▶ [What is being asked]: Beginning at the line that holds "ほうき,ゆかぞうきん,机椅子運び どれもできるようになってきました。", restate each line exactly through the final line of the records. Include both of those lines.

Source records

^^^^

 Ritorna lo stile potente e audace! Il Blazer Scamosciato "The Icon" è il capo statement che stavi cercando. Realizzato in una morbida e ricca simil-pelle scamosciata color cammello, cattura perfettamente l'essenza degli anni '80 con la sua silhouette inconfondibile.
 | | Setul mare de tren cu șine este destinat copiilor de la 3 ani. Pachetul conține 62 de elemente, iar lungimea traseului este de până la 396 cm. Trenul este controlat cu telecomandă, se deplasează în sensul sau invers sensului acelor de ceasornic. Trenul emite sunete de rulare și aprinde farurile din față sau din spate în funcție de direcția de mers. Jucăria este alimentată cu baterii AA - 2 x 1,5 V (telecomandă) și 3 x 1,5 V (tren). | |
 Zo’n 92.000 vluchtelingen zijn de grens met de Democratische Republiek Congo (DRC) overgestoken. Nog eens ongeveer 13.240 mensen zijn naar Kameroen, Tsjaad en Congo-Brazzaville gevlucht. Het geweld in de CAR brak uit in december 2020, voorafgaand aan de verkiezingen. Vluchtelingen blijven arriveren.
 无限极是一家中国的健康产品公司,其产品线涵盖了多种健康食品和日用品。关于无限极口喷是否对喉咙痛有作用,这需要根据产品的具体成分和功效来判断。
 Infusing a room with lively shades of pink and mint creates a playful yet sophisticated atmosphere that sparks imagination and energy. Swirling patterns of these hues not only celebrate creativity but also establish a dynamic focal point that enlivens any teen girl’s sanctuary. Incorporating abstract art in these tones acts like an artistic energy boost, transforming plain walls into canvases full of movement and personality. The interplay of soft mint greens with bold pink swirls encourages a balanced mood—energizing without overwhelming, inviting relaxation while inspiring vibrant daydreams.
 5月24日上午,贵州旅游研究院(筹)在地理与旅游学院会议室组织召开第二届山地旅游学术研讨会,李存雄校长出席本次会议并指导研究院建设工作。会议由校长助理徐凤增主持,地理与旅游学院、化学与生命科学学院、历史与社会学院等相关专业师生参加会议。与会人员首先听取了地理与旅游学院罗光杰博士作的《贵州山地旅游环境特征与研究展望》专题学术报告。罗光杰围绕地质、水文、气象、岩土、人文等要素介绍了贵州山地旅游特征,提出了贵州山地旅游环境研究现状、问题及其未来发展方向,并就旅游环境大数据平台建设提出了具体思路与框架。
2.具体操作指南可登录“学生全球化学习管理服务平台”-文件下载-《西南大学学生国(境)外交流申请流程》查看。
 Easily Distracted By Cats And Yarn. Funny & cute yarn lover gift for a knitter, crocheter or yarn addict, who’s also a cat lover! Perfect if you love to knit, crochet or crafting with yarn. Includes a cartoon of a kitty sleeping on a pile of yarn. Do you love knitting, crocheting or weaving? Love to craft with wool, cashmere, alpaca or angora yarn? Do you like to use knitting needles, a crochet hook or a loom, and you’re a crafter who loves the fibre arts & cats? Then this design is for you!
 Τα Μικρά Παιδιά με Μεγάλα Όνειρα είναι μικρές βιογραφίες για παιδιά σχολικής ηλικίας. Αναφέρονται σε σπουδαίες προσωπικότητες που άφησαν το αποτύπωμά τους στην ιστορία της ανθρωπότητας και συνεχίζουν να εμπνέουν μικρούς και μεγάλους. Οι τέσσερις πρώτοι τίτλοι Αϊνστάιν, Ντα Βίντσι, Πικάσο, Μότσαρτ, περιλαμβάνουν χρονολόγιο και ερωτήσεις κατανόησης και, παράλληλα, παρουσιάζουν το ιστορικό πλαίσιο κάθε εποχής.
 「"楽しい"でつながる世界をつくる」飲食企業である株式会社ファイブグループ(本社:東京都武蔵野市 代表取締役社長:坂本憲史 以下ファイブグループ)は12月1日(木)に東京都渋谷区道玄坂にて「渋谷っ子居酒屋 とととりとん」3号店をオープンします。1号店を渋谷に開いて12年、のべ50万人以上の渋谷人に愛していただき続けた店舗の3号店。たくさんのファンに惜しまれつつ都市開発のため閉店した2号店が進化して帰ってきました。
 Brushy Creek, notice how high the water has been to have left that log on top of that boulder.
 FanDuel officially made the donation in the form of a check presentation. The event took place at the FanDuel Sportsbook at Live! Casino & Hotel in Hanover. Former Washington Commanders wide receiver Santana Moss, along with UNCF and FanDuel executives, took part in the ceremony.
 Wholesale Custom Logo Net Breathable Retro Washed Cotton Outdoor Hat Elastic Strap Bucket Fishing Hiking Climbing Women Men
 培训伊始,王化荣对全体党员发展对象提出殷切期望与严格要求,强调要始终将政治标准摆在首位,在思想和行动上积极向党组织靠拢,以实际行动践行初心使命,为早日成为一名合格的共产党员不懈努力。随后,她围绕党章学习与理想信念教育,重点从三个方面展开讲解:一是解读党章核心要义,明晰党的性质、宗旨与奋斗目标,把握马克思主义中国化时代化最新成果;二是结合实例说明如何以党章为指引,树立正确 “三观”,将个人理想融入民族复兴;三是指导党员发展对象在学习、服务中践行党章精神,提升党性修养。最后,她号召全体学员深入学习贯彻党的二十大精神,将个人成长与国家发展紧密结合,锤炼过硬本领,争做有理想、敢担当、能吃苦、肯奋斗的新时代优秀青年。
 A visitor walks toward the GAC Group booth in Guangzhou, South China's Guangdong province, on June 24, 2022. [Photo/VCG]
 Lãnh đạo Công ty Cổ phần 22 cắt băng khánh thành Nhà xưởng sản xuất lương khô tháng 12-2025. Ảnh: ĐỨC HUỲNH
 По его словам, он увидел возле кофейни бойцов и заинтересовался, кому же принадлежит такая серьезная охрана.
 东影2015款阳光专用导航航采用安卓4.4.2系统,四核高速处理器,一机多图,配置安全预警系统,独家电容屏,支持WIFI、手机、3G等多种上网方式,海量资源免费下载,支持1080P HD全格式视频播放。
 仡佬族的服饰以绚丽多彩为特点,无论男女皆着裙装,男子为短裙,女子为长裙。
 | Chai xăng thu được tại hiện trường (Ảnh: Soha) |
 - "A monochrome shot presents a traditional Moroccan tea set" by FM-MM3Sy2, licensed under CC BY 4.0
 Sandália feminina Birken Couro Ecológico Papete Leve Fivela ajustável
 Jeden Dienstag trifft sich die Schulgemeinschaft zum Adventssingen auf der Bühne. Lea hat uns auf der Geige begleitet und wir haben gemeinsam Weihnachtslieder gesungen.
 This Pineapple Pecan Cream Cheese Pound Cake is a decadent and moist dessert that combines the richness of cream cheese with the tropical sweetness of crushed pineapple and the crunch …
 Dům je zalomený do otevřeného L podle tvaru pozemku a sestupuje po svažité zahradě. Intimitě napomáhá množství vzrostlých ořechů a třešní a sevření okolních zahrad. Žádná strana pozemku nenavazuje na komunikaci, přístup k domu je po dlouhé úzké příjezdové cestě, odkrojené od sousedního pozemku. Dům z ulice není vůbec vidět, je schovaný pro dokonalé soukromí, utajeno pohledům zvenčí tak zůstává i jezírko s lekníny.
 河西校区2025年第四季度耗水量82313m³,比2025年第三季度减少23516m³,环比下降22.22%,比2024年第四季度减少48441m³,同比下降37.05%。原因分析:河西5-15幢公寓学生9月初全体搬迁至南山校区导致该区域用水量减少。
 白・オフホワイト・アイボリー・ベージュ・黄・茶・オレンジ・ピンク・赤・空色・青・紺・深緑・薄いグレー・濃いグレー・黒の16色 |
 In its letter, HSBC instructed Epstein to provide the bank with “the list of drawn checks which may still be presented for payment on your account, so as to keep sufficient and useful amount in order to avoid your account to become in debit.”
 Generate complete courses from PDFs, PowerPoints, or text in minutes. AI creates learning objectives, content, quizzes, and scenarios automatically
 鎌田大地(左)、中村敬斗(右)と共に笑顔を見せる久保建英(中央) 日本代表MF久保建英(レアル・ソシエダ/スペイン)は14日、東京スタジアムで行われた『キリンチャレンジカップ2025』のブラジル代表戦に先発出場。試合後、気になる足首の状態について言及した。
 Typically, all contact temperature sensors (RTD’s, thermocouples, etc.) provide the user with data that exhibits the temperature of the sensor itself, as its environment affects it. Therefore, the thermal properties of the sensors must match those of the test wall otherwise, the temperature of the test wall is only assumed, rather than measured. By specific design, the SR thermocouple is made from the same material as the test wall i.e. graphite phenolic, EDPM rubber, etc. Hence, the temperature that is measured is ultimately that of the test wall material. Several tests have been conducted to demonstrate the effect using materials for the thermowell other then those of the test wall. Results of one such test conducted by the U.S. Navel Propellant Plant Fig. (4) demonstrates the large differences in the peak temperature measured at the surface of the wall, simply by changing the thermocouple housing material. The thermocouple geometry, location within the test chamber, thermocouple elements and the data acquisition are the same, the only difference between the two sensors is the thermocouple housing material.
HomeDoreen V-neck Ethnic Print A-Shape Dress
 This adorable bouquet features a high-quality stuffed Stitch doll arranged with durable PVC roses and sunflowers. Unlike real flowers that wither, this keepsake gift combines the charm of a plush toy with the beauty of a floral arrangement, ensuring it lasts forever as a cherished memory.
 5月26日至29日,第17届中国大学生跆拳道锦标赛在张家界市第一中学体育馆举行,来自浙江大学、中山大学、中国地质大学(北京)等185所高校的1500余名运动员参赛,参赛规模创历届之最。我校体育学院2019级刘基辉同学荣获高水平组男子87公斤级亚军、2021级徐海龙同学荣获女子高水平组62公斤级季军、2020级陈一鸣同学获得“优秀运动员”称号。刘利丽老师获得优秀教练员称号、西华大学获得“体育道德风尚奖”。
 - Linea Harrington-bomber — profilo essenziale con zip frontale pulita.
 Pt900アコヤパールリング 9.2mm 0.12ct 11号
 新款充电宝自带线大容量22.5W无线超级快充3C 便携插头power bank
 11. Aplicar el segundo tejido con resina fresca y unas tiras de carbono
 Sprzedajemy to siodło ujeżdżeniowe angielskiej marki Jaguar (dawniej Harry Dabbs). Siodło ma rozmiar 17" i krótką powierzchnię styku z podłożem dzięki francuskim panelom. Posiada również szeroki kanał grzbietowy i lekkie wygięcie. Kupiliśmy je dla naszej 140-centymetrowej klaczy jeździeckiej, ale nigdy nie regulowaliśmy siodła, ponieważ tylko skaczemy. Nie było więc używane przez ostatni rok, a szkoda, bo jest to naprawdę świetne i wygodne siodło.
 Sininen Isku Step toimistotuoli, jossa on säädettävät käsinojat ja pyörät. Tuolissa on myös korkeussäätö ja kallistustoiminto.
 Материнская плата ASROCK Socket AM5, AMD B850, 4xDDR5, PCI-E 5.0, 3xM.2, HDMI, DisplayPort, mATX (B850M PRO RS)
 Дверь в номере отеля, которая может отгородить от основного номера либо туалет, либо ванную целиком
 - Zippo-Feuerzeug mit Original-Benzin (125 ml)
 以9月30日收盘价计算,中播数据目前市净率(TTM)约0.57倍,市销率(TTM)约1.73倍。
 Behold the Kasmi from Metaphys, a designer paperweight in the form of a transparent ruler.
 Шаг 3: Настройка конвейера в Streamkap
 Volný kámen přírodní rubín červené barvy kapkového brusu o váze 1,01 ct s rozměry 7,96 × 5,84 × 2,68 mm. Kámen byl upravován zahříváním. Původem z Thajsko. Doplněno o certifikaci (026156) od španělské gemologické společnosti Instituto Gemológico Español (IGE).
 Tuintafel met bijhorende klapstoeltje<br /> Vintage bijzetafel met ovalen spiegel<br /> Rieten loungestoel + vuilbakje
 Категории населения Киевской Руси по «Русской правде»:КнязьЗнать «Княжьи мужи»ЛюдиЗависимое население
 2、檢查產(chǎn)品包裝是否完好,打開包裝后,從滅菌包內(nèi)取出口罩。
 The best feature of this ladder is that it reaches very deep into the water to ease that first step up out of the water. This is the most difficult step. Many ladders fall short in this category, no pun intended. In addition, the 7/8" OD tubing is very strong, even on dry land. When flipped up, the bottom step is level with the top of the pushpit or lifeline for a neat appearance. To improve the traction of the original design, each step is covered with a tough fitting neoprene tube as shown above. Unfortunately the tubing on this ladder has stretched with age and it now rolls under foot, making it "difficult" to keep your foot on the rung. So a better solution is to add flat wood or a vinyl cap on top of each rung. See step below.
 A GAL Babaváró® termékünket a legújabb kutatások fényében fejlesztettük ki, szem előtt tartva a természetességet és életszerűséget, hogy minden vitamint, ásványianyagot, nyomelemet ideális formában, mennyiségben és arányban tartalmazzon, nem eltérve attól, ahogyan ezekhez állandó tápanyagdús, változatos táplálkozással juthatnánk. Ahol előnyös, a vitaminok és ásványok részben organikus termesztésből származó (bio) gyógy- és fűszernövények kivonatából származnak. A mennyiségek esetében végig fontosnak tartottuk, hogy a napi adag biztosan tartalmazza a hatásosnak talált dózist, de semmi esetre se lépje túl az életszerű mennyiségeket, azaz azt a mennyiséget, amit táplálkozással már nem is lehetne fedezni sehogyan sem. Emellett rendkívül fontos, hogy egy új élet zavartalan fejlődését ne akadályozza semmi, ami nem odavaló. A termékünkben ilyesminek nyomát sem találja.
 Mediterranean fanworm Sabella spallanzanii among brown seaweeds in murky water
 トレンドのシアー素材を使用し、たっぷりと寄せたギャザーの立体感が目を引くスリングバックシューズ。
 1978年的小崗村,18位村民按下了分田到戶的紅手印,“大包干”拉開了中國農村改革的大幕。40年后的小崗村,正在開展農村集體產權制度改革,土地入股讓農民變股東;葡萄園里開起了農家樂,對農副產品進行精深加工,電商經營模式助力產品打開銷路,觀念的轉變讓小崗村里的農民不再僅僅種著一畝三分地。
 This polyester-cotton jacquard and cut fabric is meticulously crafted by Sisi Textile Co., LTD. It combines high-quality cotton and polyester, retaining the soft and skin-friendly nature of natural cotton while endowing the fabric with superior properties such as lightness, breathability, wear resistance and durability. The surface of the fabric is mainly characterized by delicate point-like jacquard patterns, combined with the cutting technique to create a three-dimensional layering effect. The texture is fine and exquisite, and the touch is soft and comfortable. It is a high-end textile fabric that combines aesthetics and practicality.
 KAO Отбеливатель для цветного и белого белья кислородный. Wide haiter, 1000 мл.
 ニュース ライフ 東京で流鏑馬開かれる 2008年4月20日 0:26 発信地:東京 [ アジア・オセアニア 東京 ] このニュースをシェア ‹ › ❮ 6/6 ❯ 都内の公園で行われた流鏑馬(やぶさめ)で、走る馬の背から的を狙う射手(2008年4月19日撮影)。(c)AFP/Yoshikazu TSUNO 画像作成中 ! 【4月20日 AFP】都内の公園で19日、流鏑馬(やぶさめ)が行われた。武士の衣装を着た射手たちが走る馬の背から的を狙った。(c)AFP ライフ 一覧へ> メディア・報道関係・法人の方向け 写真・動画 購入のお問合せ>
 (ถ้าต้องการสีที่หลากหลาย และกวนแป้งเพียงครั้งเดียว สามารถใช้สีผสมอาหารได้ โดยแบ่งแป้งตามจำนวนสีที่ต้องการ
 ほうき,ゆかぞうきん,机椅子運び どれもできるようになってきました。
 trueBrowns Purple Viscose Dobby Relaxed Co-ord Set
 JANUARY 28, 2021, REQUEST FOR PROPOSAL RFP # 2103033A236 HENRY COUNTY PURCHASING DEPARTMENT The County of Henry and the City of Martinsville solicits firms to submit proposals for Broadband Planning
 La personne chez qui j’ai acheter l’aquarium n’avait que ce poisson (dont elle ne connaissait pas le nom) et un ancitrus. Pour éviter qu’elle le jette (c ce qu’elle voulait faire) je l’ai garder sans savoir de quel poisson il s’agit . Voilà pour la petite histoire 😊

^^^^

▶ [Answer]:
 ほうき,ゆかぞうきん,机椅子運び どれもできるようになってきました。
 trueBrowns Purple Viscose Dobby Relaxed Co-ord Set
 JANUARY 28, 2021, REQUEST FOR PROPOSAL RFP # 2103033A236 HENRY COUNTY PURCHASING DEPARTMENT The County of Henry and the City of Martinsville solicits firms to submit proposals for Broadband Planning
 La personne chez qui j’ai acheter l’aquarium n’avait que ce poisson (dont elle ne connaissait pas le nom) et un ancitrus. Pour éviter qu’elle le jette (c ce qu’elle voulait faire) je l’ai garder sans savoir de quel poisson il s’agit . Voilà pour la petite histoire 😊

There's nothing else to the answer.